Another consideration is that flat evens out imperfections that may show with semi gloss, particularly on the drywall joints. yet another is that his painter has already bid and prepared to use flat paint. He may have to upgrade his primer and do other preparations to accept semi-gloss. Another is that it does take a bit more expertise to work with semi on a new home. Even before you consider touching up, there are going to be some small details, like patching with joint compound to smooth out details. Flat will cover small patches in one coat where as semi won't and...see below.

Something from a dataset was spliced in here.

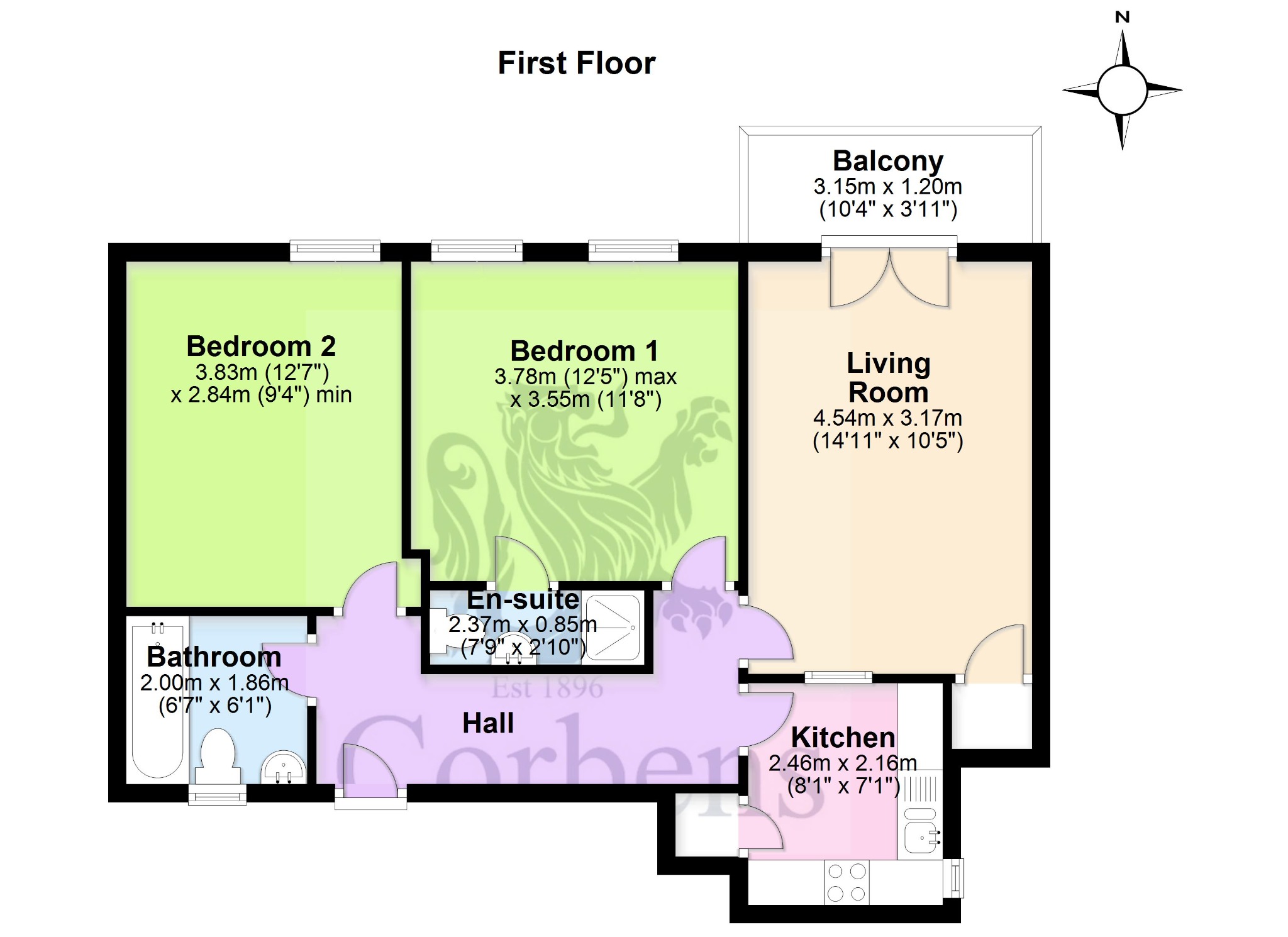 There are two good size double bedrooms; the principal has access to an en-suite shower room with walk-in shower cubicle, wash basin and WC. Bedroom two is dual aspect; bedrooms offer similar views to the living room. The bathroom is fitted with a modern suite in white comprising panelled bath, wall mounted wash hand basin and WC.
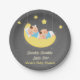Twinkle twinkle little star, what a lovely miracle you are! For twins, you have double the miracles! This cute paper plates are perfect for baby showers celebrating the arrival of twin baby boys!. The design has a crescent moon with two cute sleeping baby boys! One is resting on a pillow while the other is resting on the first's bum. How sweet! Bright strung up stars shine beautifully across the contrasting grey background. Text "Twinkle twinkle little star" cannot be edited. Personalise with short message.

When you have carpet layers, electricians, plumbers, tile setters, AV installers, alarm installers, cabinet installers, you can count on touching up a lot. Right down to the final walk through there are people coming and going and IMO the painter should be the very last person in the house to touch up.

Hope this helps.


----------



## slickshift (Aug 25, 2005)

Technically, yes, the builder is correct...in a fashion

1) Any drywall imperfections show up more under glossy paint
2) When rolling eggshells and semis, you should always end with the same directions pass (usually up and down)
3) It's nearly impossible to get one coat of eggshell/semi with no flashing (sheen changes)
4) Some sheens cost more

But no, I don't charge more for sheens because
1) My prep is the same high quality, whether for flat or shiny paint
2) My application technique is the same high quality, whether it's for flat or shiny paint
3) My application of two coats will always insure proper coverage with no flashing, and I do two coats whether it's flat or shiny
4) The actual percentage increase of the product price, if any, is very small

So, technically he is correct
It's "harder" to get shiny paint up there because you can't "get away with" (shortcut) as much as you can with flats

It shouldn't matter-a smooth surface, a coat primer, and two coats quality paint and it wouldn't
But if the builder was planning on cutting corners it would cut into his plan

Not seeing your contract, I can't tell if you are paying for a level 4 drywall finish and a coat primer and two coats quality paint
You might want to go over that section
A sheen could be considered a "change order" if the contract calls for flat
If it says one coat paint then yeah, you'll have to pay more (another coat) for a sheen
He would be correct that it would flash


----------



## Dragon (Aug 1, 2006)

*Thanks for the feedback*

Thanks, your explanation makes sense to me.

The builder didn't seem to be giving me a song and dance but it is always good to get a second opinion.

It it truly takes more effort to do the job I do not have a problem paying the extra $$$. I just didn't want to be taken for a chump. :huh: 

Thanks again for the feedback!


----------